Minister of Interior
- In office 14 May 1960 – 1 August 1960

Personal details
- Born: 1903
- Died: 5 May 1989 (aged 85–86)
- Children: Nadia Gaspard Elie Gaspard Asma Gaspard
- Parent: Elias Gaspard (father);
- Occupation: Lawyer and politician

= Edmond Gaspard =

Lebanese lawyer and politician

Edmond Gaspard (1903 – 5 May 1989) was a Lebanese lawyer and politician who served as Minister of Education (25 September 1964 - 18 November 1964), and Minister of Interior. (14 May 1960 - 1 August 1960). He also served as Lebanon's president of barristers in 1944 and 1952.

==Early life==
His father, Elias Gaspard, born in Batroun, was the president of the Batroun court and was exiled from Lebanon between the years of 1915 and 1918. In his first year of exile, Elias was prohibited from contacting his family. Edmond was only 12 when he witnessed his father’s exile, an experience that influenced his desire to become a lawyer and, later, a politician. Later in his life, Edmond Gaspard honored his father by naming a street in Hamra, Beirut, after him “Cheikh Elias Gaspard Street”.

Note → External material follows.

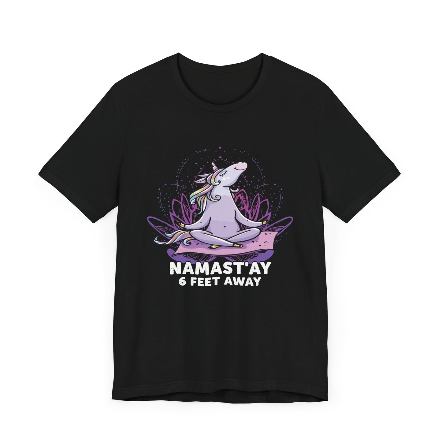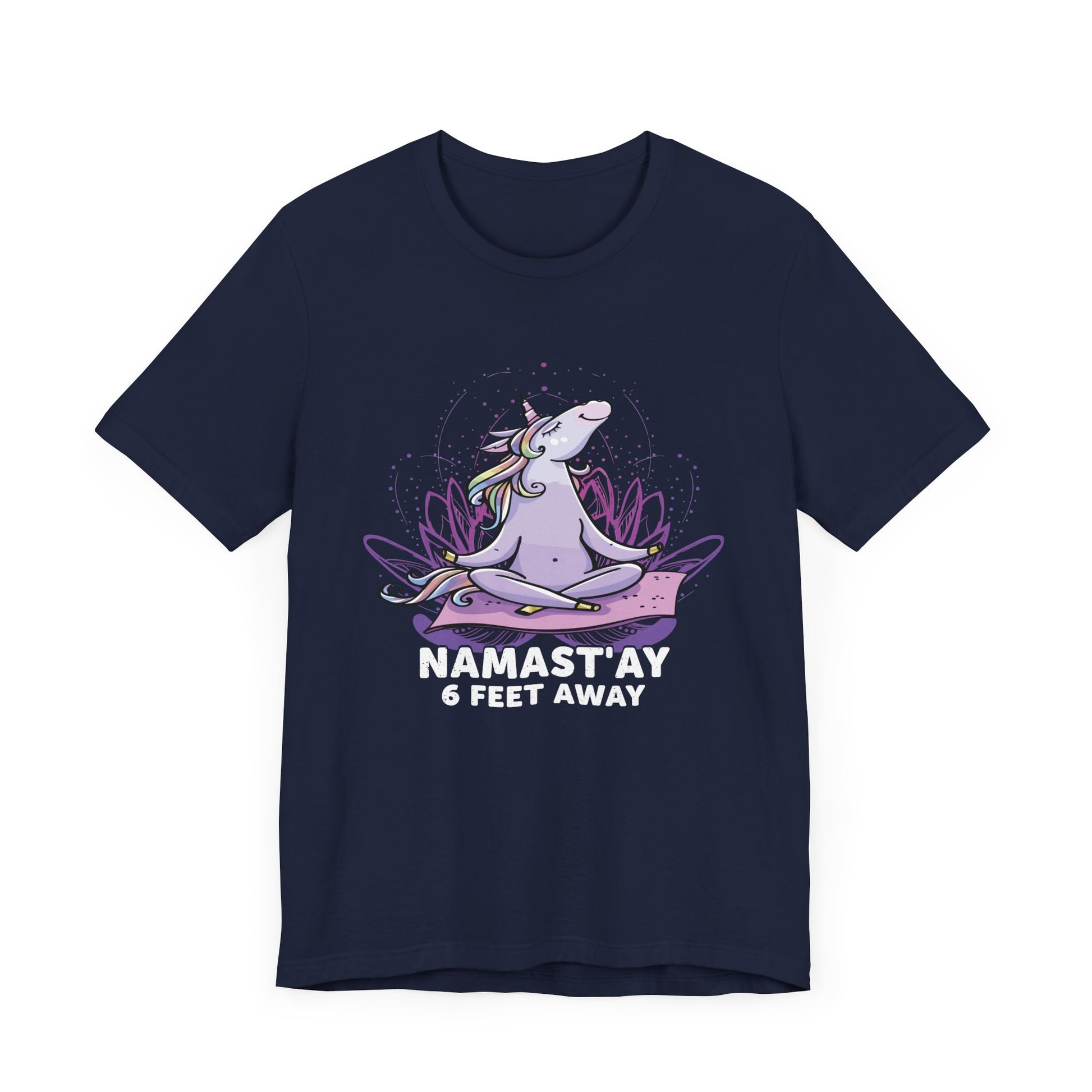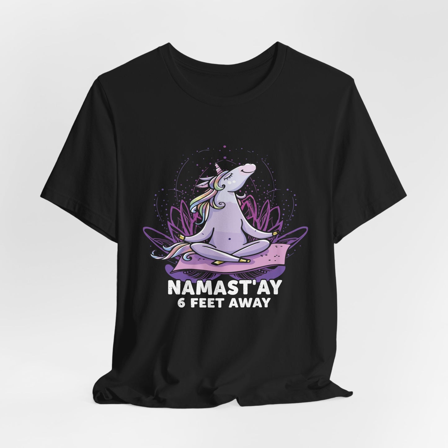 Stay centered and respectful of personal space with our "Namastay, 6 Feet Away" Unisex Jersey Short Sleeve Tee. This tee is perfect for those who cherish their practice and need a little extra room to breathe. Crafted from soft, breathable cotton, it’s designed for maximum comfort during your yoga sessions or everyday activities.

==Personal life and education==
Edmond Gaspard was born to a Maronite Catholic family. He attended Saint Joseph University in Beirut and earned a bachelor's degree from the faculty of Law in 1924. He was married to Laudi Abillama, with whom he had three children, Elie Edmond Gaspard, Nadia Edmond Gaspard, and Asma Edmond Gaspard.